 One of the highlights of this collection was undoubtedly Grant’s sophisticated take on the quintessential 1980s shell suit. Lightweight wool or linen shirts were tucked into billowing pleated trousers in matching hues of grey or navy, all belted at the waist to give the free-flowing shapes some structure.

···

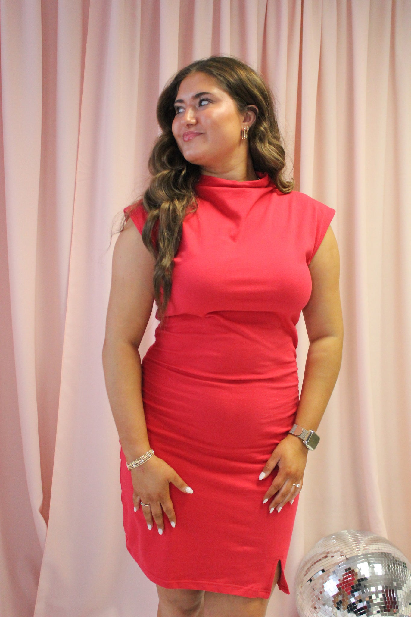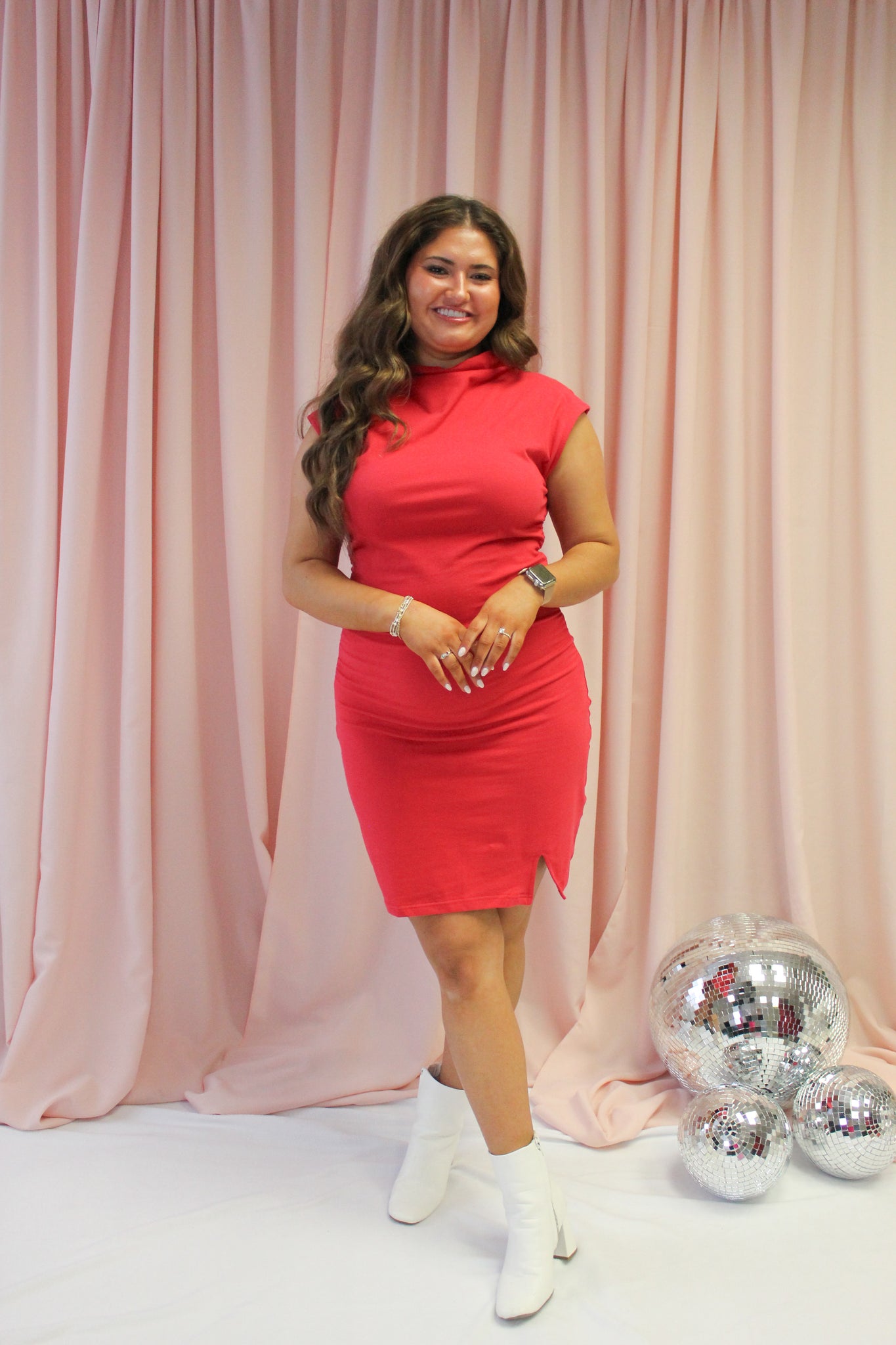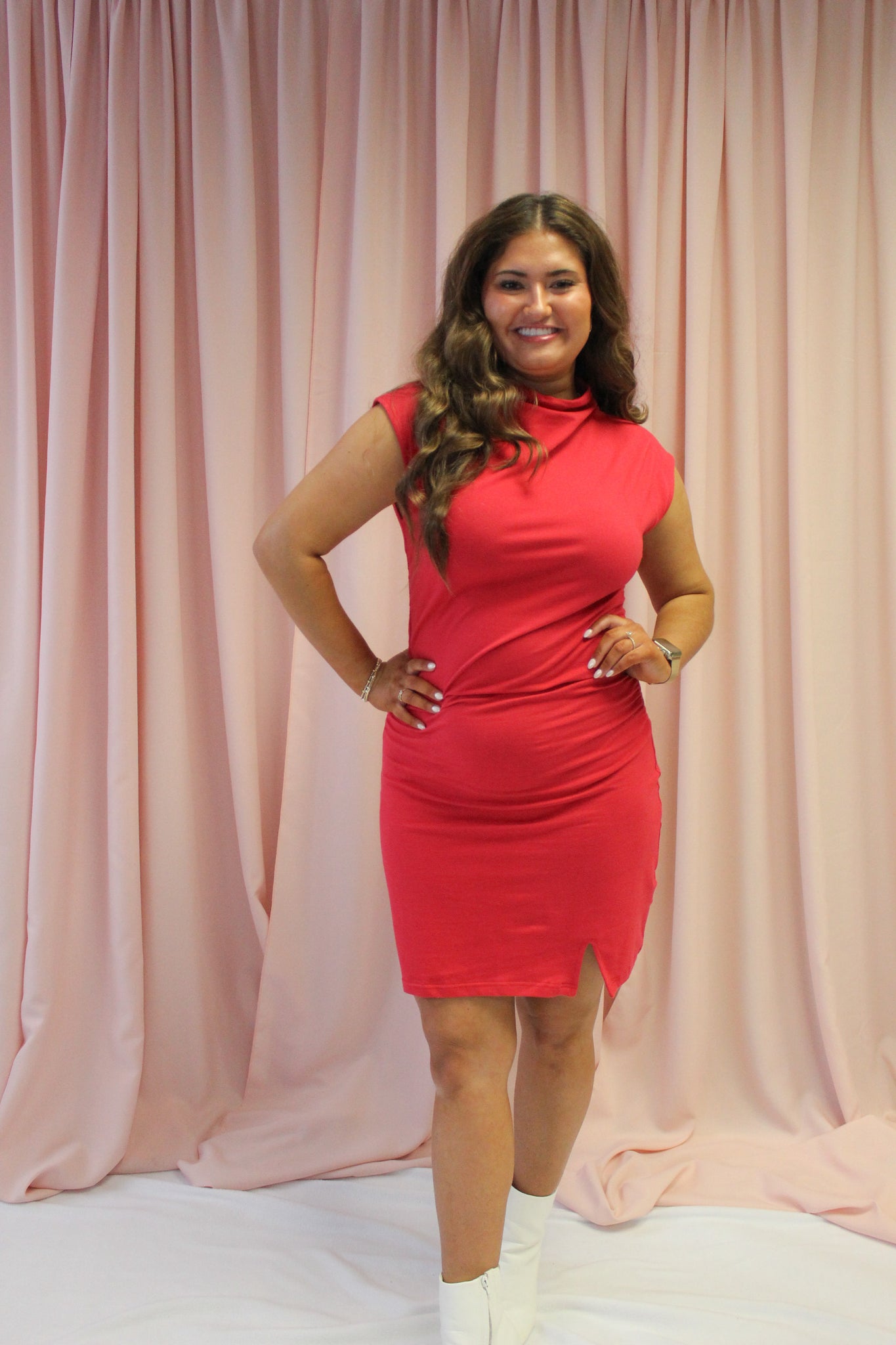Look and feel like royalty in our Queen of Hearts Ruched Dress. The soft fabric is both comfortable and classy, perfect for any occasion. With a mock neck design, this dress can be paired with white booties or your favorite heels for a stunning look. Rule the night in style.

···

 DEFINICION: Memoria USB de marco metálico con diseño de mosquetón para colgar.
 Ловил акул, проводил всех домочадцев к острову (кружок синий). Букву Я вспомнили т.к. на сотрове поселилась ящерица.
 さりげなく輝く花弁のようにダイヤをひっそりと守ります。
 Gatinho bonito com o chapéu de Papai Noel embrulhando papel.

···

= Task brief =
Could you retype exactly the lines above, starting at the line that contains "さりげなく輝く花弁のようにダイヤをひっそりと守ります。" and ending at the line that contains "Gatinho bonito com", and nothing more?

= Exercise response =
 さりげなく輝く花弁のようにダイヤをひっそりと守ります。
 Gatinho bonito com o chapéu de Papai Noel embrulhando papel.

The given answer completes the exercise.